[About this exercise] Please write out exactly, without any picture, each line from the first in the listing through the line that includes "SET DI PLASTILINA".

[Provided material]

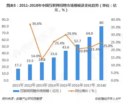 1、互联网行业在飞速发展:数据显示,2011年我国互联网招聘市场为17.2亿元,2018年上升至80亿元,并保持20%-30%的增长率。
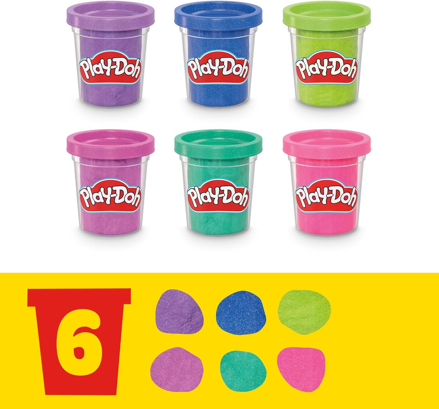 SET DI PLASTILINA CREATIVA CON 6 COLORI METALLICI: i vivaci toni gioiello di rosa, lilla, viola, verde, verde lime e blu della pasta modellabile brillante Play-Doh possono far brillare le idee creative dei bimbi come gemme ARTICOLO PER CREAZIONI IN PLASTILINA REALIZZATO CON MICA: la mica è un minerale presente in natura che conferisce alla pasta da modellare la sua brillantezza. La pasta è dunque sicura e adatta a bambini e bambine dai 2 ani in su SET CON 6 VASETTI CONDIVISIBILI DA 56 GRAMMI: i vasetti da 56 grammi sono della dimensione ideale per essere condivisi con amici e amiche per ore di gioco all'insegna del divertimento e della creatività QUALITÀ AFFIDABILE: sottoposta a rigorosi test di qualità, la pasta da modellare Play-Doh è composta principalmente da acqua, sale e farina. La scelta ideale per bambini e bambine in età prescolare che amano modellare, scolpire e creare
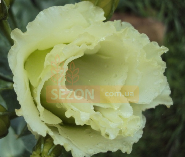 Еустома (Eustoma grandiflorum) АВС F1 - однорічна великоквіткова рослина. Висота рослини 90-110 см. Квітки махрові, білого кольору із зеленуватим відтінком, схожі на бутони троянд. Цвіте рясно та тривало. Рослина сонцелюбна, віддає перевагу окультуреним грунтам, вимагає регулярного поливу і обприскування. Відмінно підходить для зрізу. Цвіте з липня до серпня.

[Solution below]
 1、互联网行业在飞速发展:数据显示,2011年我国互联网招聘市场为17.2亿元,2018年上升至80亿元,并保持20%-30%的增长率。
 SET DI PLASTILINA CREATIVA CON 6 COLORI METALLICI: i vivaci toni gioiello di rosa, lilla, viola, verde, verde lime e blu della pasta modellabile brillante Play-Doh possono far brillare le idee creative dei bimbi come gemme ARTICOLO PER CREAZIONI IN PLASTILINA REALIZZATO CON MICA: la mica è un minerale presente in natura che conferisce alla pasta da modellare la sua brillantezza. La pasta è dunque sicura e adatta a bambini e bambine dai 2 ani in su SET CON 6 VASETTI CONDIVISIBILI DA 56 GRAMMI: i vasetti da 56 grammi sono della dimensione ideale per essere condivisi con amici e amiche per ore di gioco all'insegna del divertimento e della creatività QUALITÀ AFFIDABILE: sottoposta a rigorosi test di qualità, la pasta da modellare Play-Doh è composta principalmente da acqua, sale e farina. La scelta ideale per bambini e bambine in età prescolare che amano modellare, scolpire e creare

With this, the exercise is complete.